**WHAT IS NEEDED:**
For this exercise, reproduce the entries below exactly, but only from the line containing "Поверх крупных брёвен" through the line containing "of fine particulate", both included.
═══ MATERIAL PROVIDED
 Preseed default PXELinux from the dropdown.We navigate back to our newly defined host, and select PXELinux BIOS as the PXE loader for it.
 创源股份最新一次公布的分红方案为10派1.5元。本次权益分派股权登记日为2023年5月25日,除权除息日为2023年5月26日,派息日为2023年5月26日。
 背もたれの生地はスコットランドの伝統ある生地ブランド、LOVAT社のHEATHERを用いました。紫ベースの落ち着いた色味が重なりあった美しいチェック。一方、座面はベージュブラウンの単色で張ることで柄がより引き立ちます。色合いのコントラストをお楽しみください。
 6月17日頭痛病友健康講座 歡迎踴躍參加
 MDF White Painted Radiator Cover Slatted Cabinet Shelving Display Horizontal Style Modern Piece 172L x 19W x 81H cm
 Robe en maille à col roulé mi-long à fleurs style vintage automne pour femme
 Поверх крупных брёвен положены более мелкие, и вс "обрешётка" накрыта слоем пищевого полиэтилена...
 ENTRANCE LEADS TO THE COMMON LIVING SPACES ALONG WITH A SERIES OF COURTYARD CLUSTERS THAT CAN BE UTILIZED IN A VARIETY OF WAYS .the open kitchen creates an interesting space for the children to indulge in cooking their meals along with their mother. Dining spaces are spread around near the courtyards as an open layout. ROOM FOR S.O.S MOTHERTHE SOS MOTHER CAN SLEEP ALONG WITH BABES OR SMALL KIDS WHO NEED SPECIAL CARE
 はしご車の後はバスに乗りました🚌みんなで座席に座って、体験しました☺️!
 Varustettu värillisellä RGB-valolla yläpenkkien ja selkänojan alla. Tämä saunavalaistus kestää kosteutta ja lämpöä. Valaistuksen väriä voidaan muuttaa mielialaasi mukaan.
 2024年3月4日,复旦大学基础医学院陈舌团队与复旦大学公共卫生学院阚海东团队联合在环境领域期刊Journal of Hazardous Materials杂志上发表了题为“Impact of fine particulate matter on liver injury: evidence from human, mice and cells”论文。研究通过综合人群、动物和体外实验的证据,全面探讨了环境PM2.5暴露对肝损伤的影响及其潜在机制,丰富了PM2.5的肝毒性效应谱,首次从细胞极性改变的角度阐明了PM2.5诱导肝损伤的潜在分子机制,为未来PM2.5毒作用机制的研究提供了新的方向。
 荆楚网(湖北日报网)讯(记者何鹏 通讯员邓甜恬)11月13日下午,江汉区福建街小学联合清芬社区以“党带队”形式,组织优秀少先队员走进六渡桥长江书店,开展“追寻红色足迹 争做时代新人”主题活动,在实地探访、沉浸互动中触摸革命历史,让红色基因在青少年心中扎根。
══════
**SOLUTION TO THE PROBLEM:**
 Поверх крупных брёвен положены более мелкие, и вс "обрешётка" накрыта слоем пищевого полиэтилена...
 ENTRANCE LEADS TO THE COMMON LIVING SPACES ALONG WITH A SERIES OF COURTYARD CLUSTERS THAT CAN BE UTILIZED IN A VARIETY OF WAYS .the open kitchen creates an interesting space for the children to indulge in cooking their meals along with their mother. Dining spaces are spread around near the courtyards as an open layout. ROOM FOR S.O.S MOTHERTHE SOS MOTHER CAN SLEEP ALONG WITH BABES OR SMALL KIDS WHO NEED SPECIAL CARE
 はしご車の後はバスに乗りました🚌みんなで座席に座って、体験しました☺️!
 Varustettu värillisellä RGB-valolla yläpenkkien ja selkänojan alla. Tämä saunavalaistus kestää kosteutta ja lämpöä. Valaistuksen väriä voidaan muuttaa mielialaasi mukaan.
 2024年3月4日,复旦大学基础医学院陈舌团队与复旦大学公共卫生学院阚海东团队联合在环境领域期刊Journal of Hazardous Materials杂志上发表了题为“Impact of fine particulate matter on liver injury: evidence from human, mice and cells”论文。研究通过综合人群、动物和体外实验的证据,全面探讨了环境PM2.5暴露对肝损伤的影响及其潜在机制,丰富了PM2.5的肝毒性效应谱,首次从细胞极性改变的角度阐明了PM2.5诱导肝损伤的潜在分子机制,为未来PM2.5毒作用机制的研究提供了新的方向。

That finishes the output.